Pulau Robben (bahasa Inggris: Robben Island, bahasa Afrikaans: Robbeneiland) adalah sebuah pulau di Teluk Table, 6,9 km sebelah barat pesisir Bloubergstrand, Cape Town, Afrika Selatan. Nama pulau ini berasal dari bahasa Belanda yang berarti "pulau anjing laut". Pulau Robben bentuknya agak oval, dari utara ke selatan panjangnya 3,3 km dan lebarnya 1,9 km. Luas wilayahnya 5,07 km².[1] Pulau ini datar dan berada hanya beberapa meter di atas permukaan laut, sebagai akibat dari peristiwa erosi zaman kuno. Pulau ini terbentuk dari batuan metamorfPrakambrium dari gugus Malmesbury. Pemenang Hadiah Nobel mantan Presiden Afrika SelatanNelson Mandela dipenjarakan di Pulau Robben selama 18 tahun dari keseluruhan 27 tahun hukuman penjara yang dijalaninya hingga berakhirnya pemerintahan apartheid di Afrika Selatan. Kgalema Motlanthe[2] yang juga pernah menjadi Presiden Afrika Selatan dipenjara selama 10 tahun di Pulau Robben Island. Demikian pula halnya dengan Jacob Zuma yang kini menjabat presiden Afrika Selatan.
Sejarah
Sejak akhir abad ke-17, Pulau Robben telah dipakai sebagai tempat pengasingan terutama untuk tahanan politik. Pulau Robben awalnya dipakai oleh pendatang Belanda sebagai penjara. Narapidana pertama kemungkinan bernama Harry die strandloper (Autshumao) pada pertengahan abad ke-17. Penduduk permanen pulau ini di antaranya pemimpin politik dari berbagai koloni Belanda, termasuk Indonesia, dan pemimpin pemberontakan di atas kapal budak Meermin.
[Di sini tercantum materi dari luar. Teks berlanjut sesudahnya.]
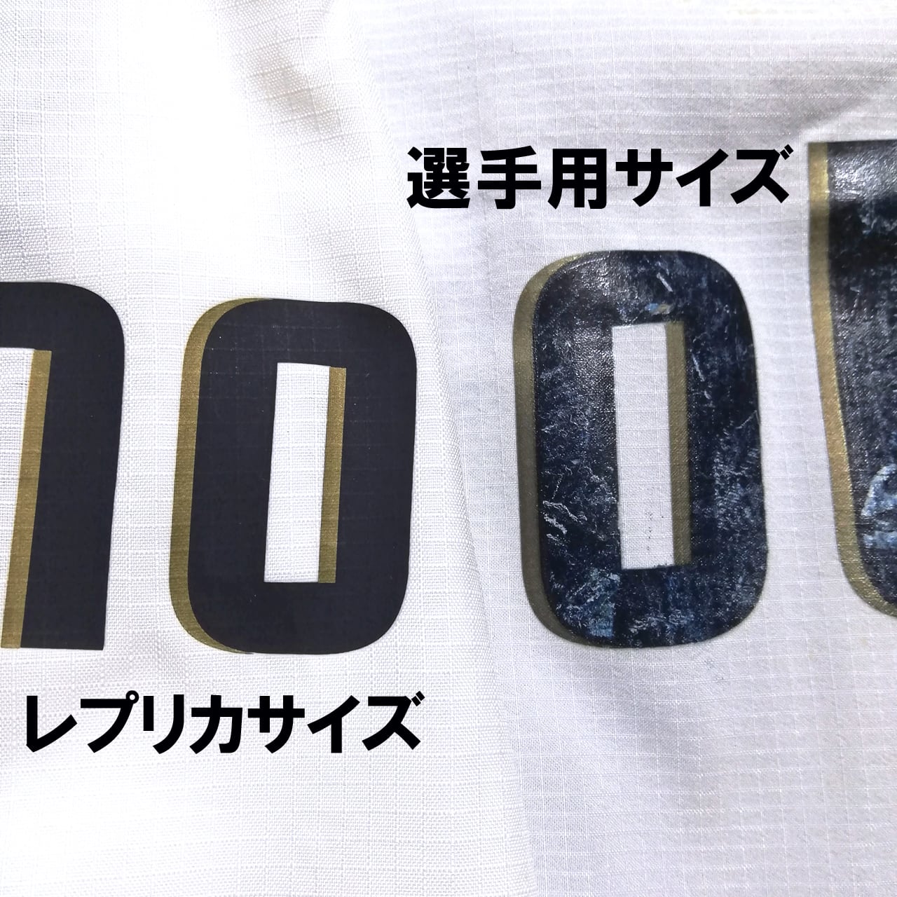 また、選手用のネームはレプリカよりも一回り大きいサイズで、比べるとその差は一目瞭然です。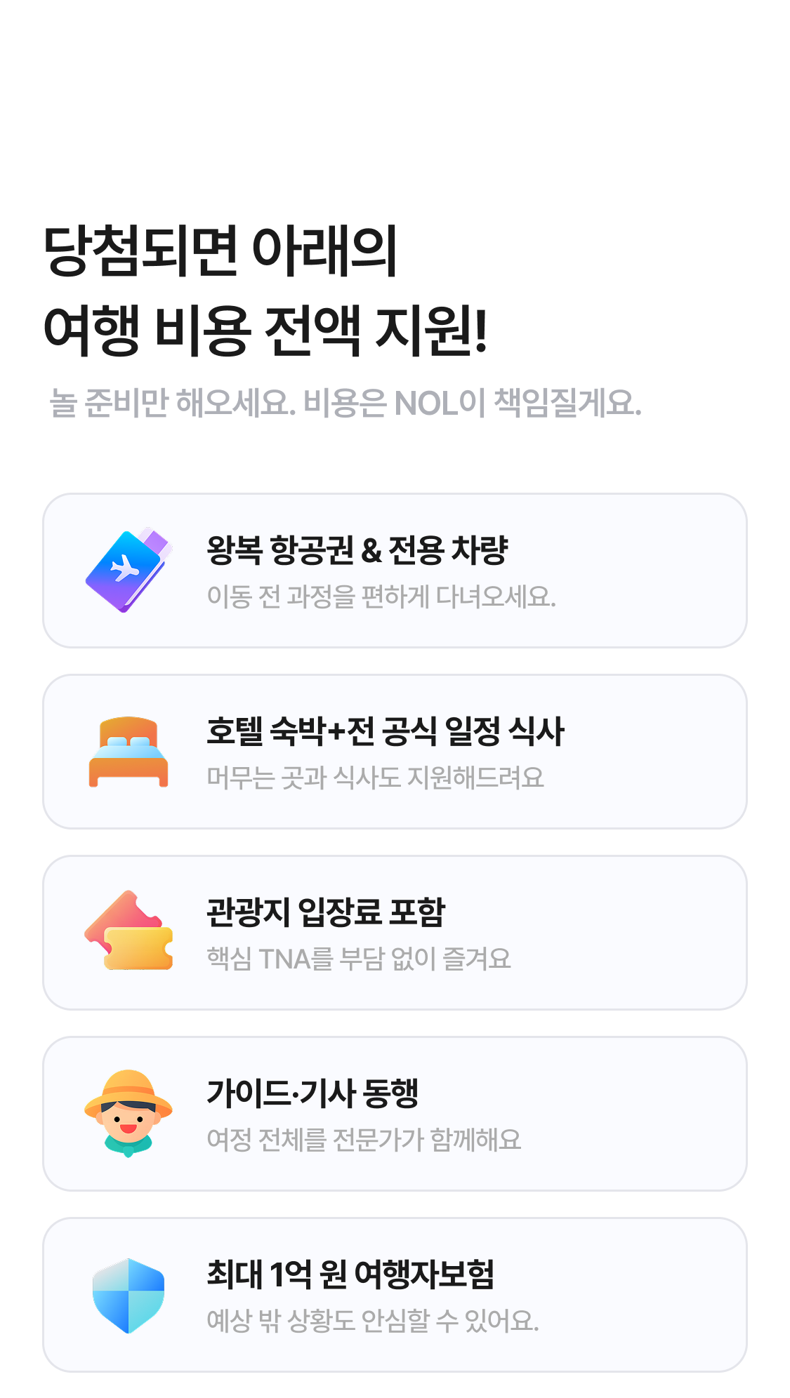 • 당첨자에게 제공되는 여행지원금의 제세공과금(경품 금액의 22%)은 NOL에서 부담하며, 제세공과금 신고 처리 업무를 대행사에 위탁하여 업무를 처리합니다. 대행사는 당첨자 서류 제출 요청 시 안내해드릴 예정이며, 개인정보처리방침 통해서도 확인 가능합니다.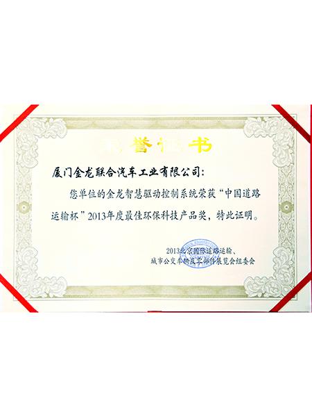 جایزه بهترین محصول فن آوری زیست محیطی در جام حمل و نقل جاده ای چین در سال 2013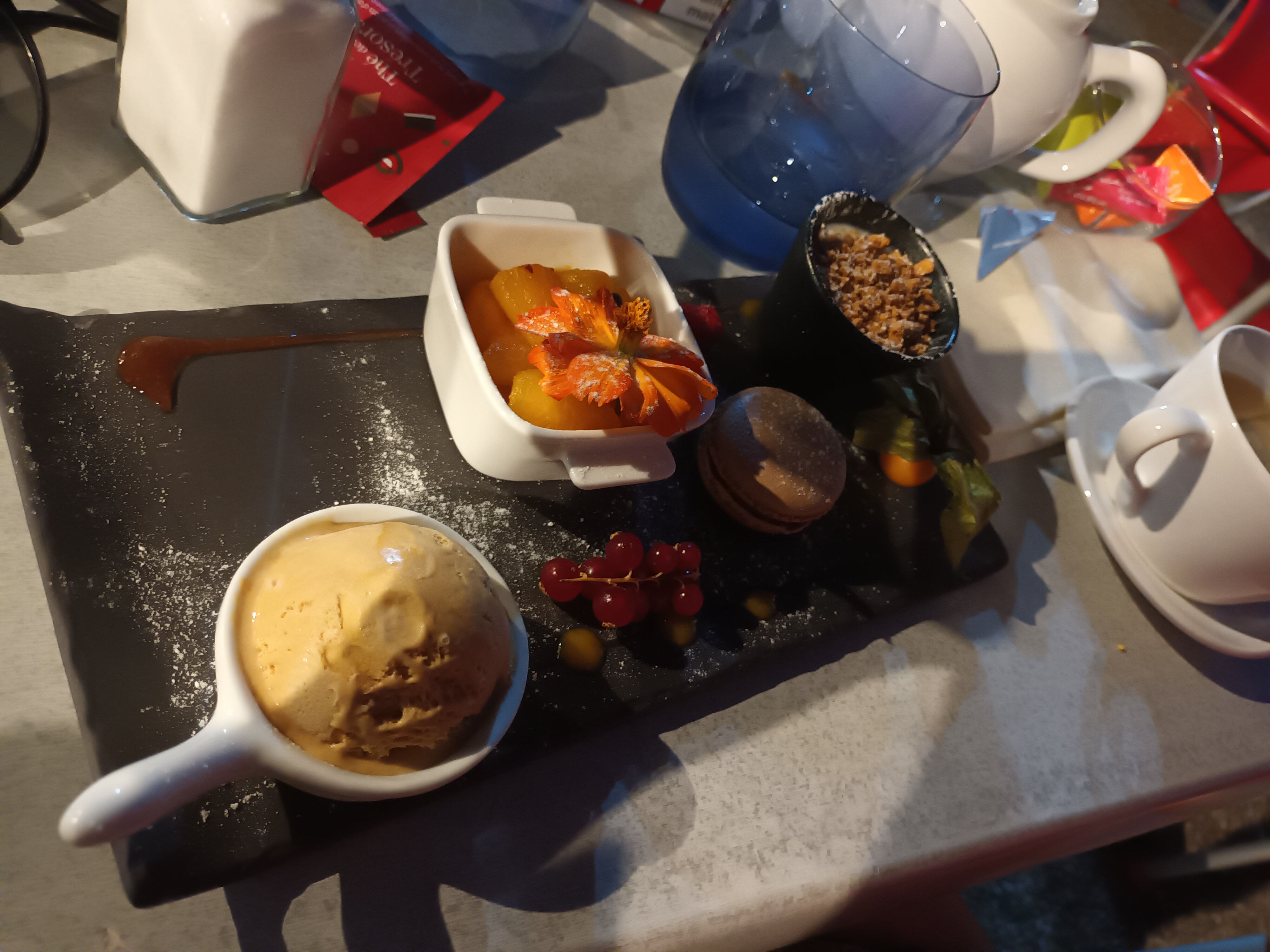 Lieu très charmant Bonne cuisine avec mention ++ pour les glaces !! 🍨🍧 Mais aussi les macarons 😁😁 Personnel sympa (courage au p'ti jeune💪💪en formation je pense) Parking Petite cour Je reviendrai 😉
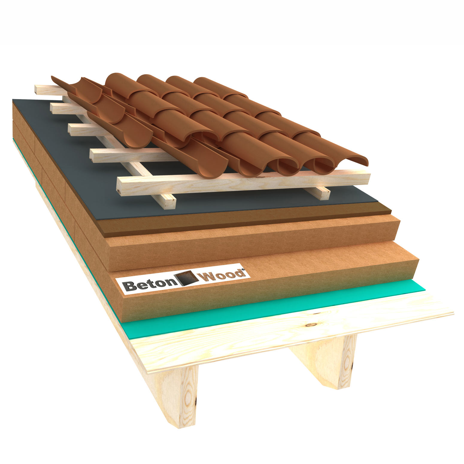 Sistema per solaio in fibra di legno ad elevata densità e resistenza a compressione FiberTherm BitumFiber e pannelli in cementolegno BetonWood.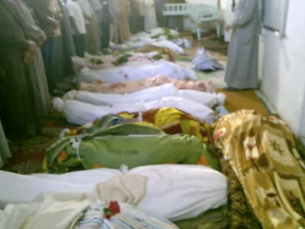 Crammed into the Tremseh village mosque, women and children wailed prayers over row after row of corpses yesterday before the bodies were carried outside, packed into mass graves and buried. Overwhelmed by the scale of the slaughter, the tiny village about 25km outside the city of Hama had run out of traditional white burial shrouds, instead using curtains and tablecloths to wrap the dead.
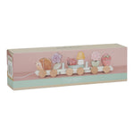 Choo choo! Gather all the lovely animals, flowers and treasures from Fairy Garden and hop on board for a magical journey. Stack all the blocks one by one to the three wagons of this wooden stacking train. The hedgehog will take the lead and sits at the front. Which flower will follow and where does the lady bug sit? Each block becomes a piece of the story of your imagination. A fun way to play and develop hand-eye coordination at the same time. The train includes 15 parts and is approximately 45 cm long.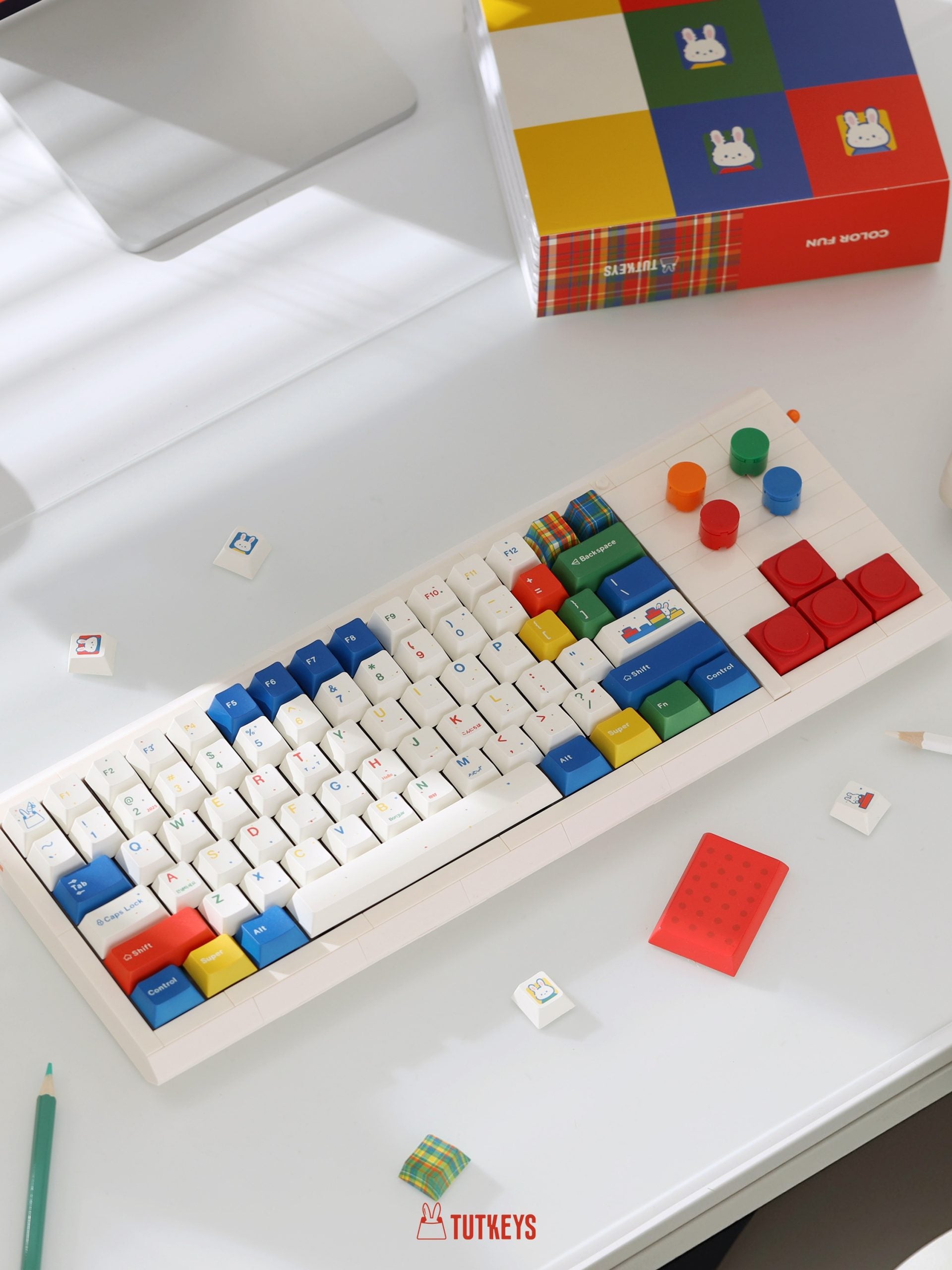 The Tutkeys Color Fun Keycaps collection injects vibrant flair and expressive character into your mechanical keyboard setup. Each set is crafted with bright colours and fun accents, perfect for custom builds, gaming rigs, and creative workspaces. Made with durable materials and lively design choices, these keycaps not only look great but also deliver tactile performance and long-lasting legends. Colour Fun keycaps allow you to customise your board with personality and style while preserving everyday comfort and usability.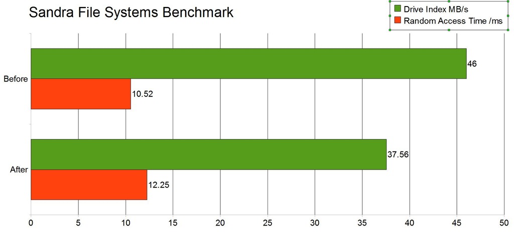 Next would be the File Systems test, I’m using a rather fast Samsung F4 320gb hard drive as my operating system drive.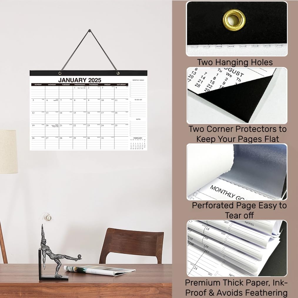 Designed for easy organization, this calendar features a clear plastic cover that protects it from spills and stains, while also giving it a sleek and professional look. Whether you use it at home, school, or the office, this desk/wall calendar is the perfect companion for keeping your life in order.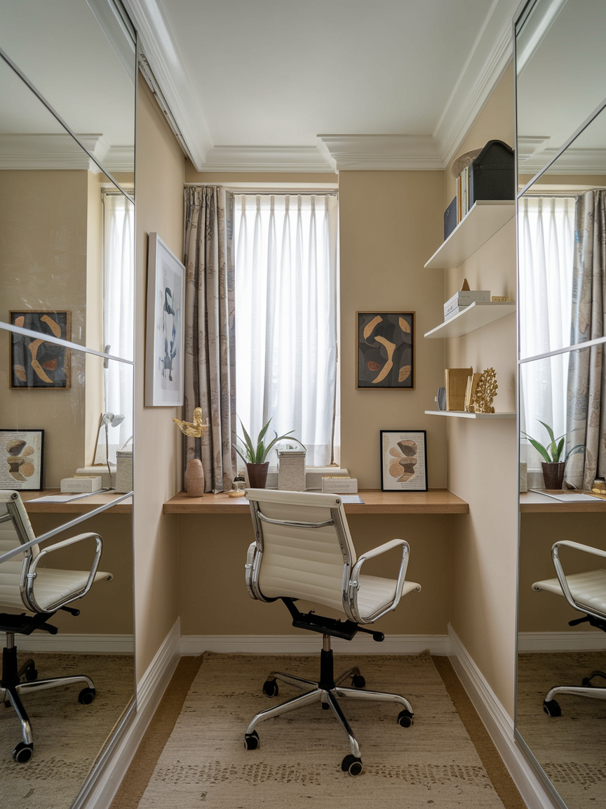 Mirrors are one of the oldest tricks in the design book for making small spaces feel larger, and they work wonders in home offices. A well-placed mirror bounces light around the room, making it brighter and more spacious. You can go for a sleek wall mirror, a standing mirror if you have the floor space, or even a few small ones arranged decoratively. Besides, it is a quick way to check if you look presentable before hopping onto a video call. It is like doubling your space without lifting a hammer.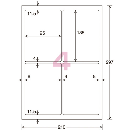 カラーLBP用 超耐水紙ラベル A4 15枚入 4面カット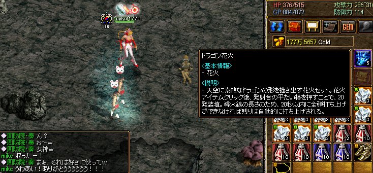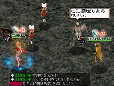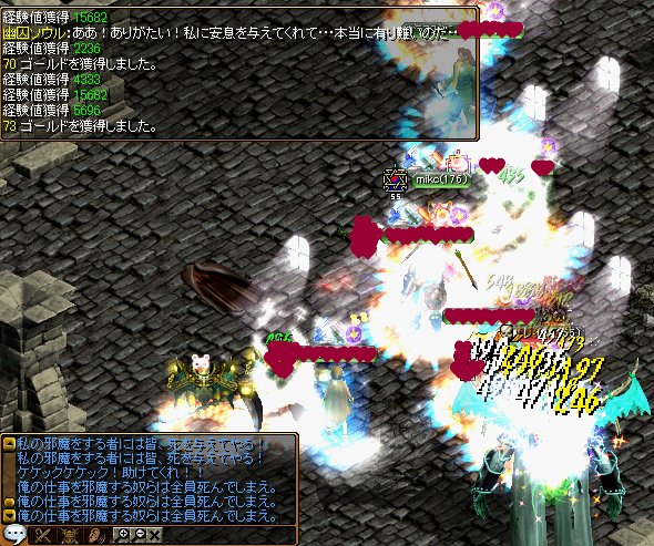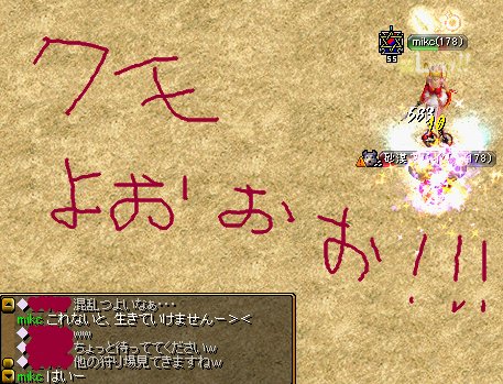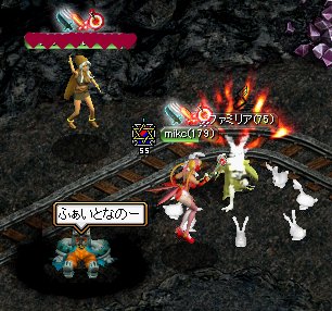 ランサーさんがすごーく優しい方で、mikcが攻撃してるのに気付くと、大きいのを放って倒してくれるのね。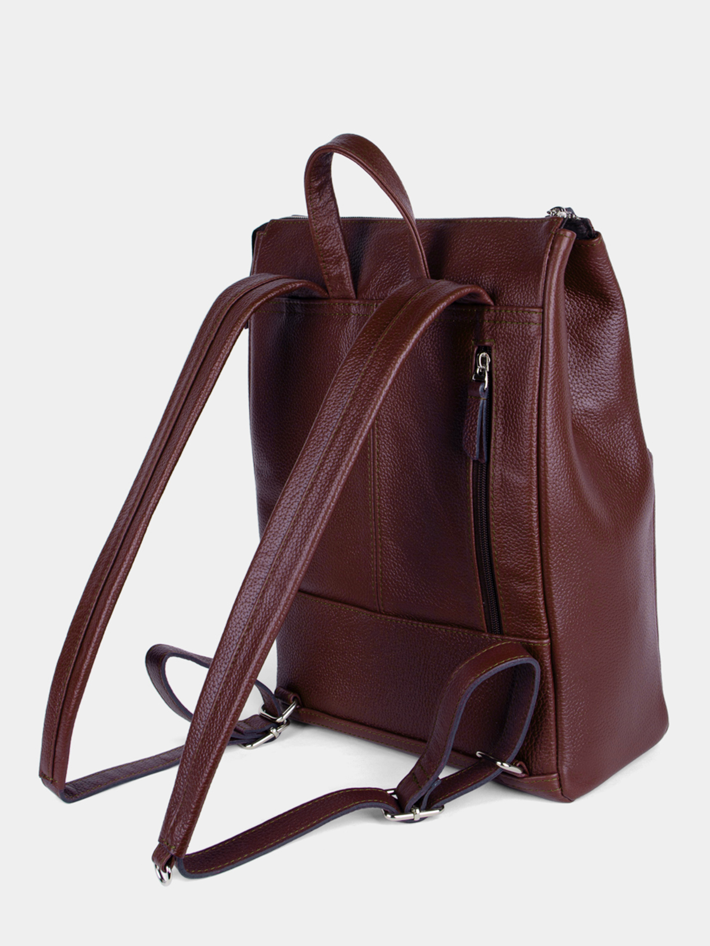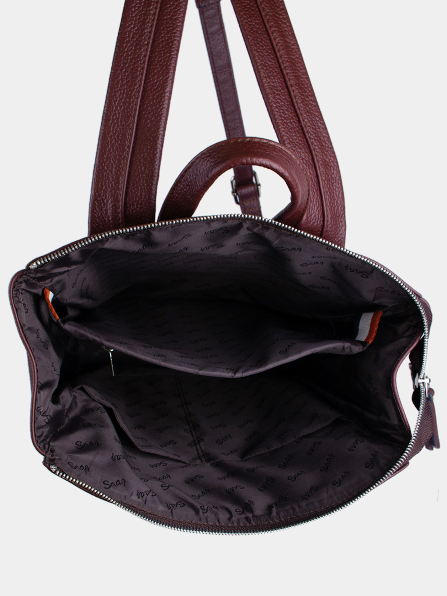 Городской рюкзак торговой марки SAAJ из натуральной кожи. Рюкзак закрывается на молнию. На задней и передней стенках карман на молнии. Внутри отделение для ноутбука 14 дюймов и формата А4, 1 карман на молнии, 2 открытых кармана. Максимальный вес содержимого рассчитан до 3,5 кг. Максимальная длина плечевых ремней 80 см, минимальная длина 64 см. Также имеется короткая ручка. Изделие упаковано в тканевый мешок.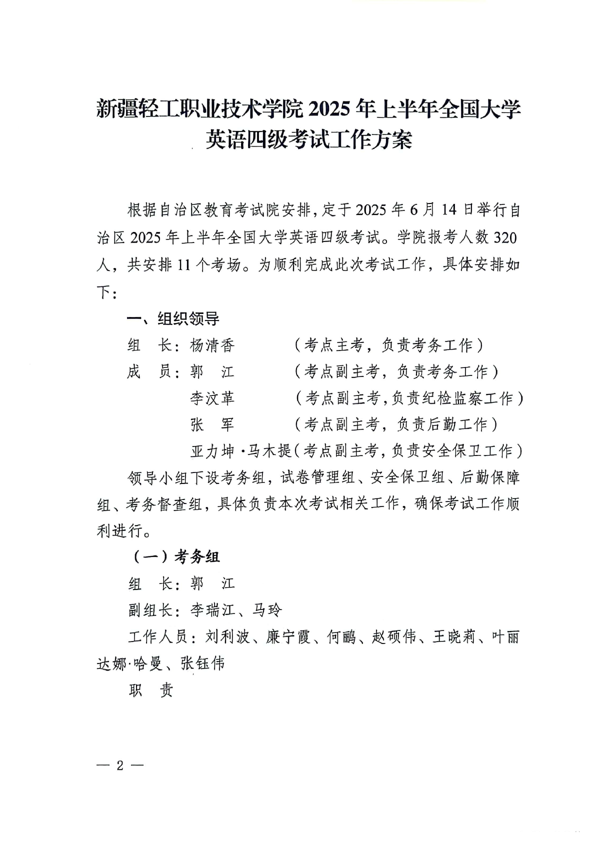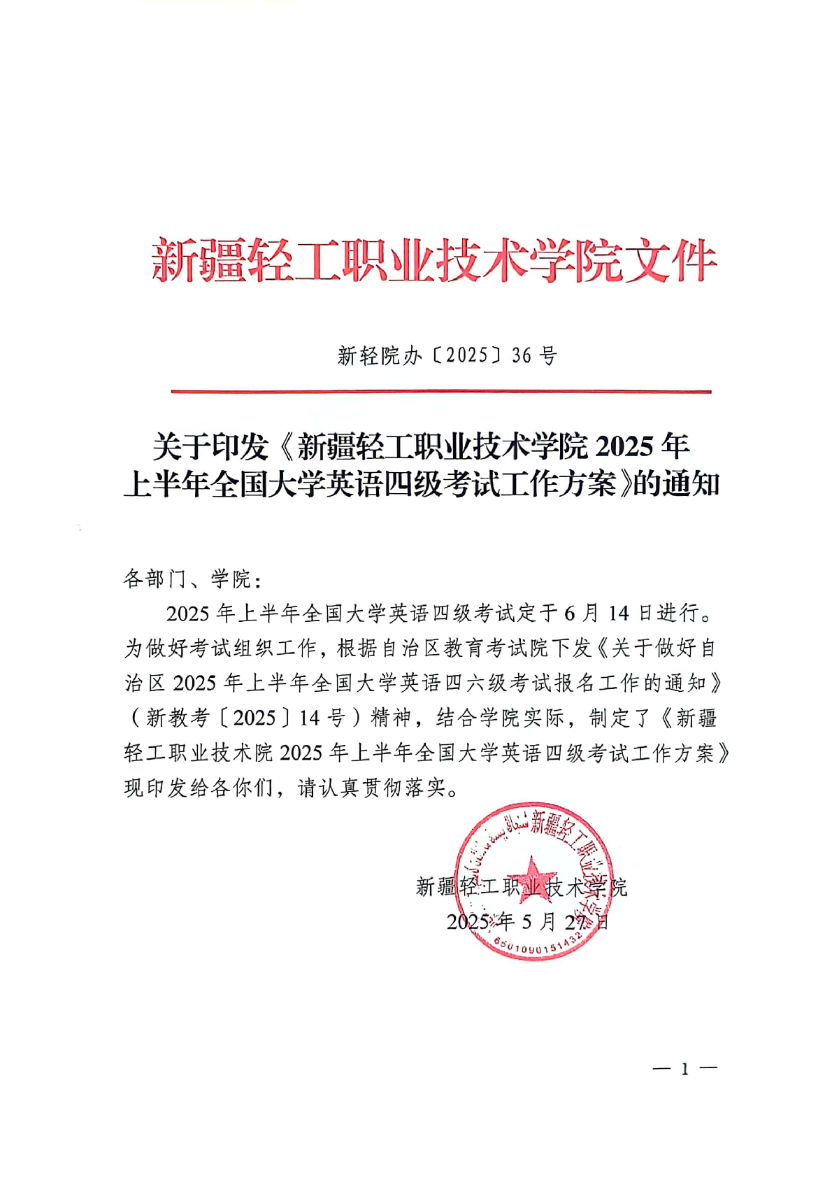 关于印发《新疆轻工职业技术学院2025年上半年全国大学英语四级考试工作方案》的通知

Setelah kegagalan pemberontakan di Grahamstown tahun 1819 dan Perang Xhosa ke-5, Pemerintah Kolonial Britania menjatuhkan hukuman seumur hidup di Pulau Robben kepada pemimpin Afrika Makanda Nxele.[3] Ia ditemukan tewas tenggelam di pantai Teluk Table setelah melarikan diri dari penjara.[4][5]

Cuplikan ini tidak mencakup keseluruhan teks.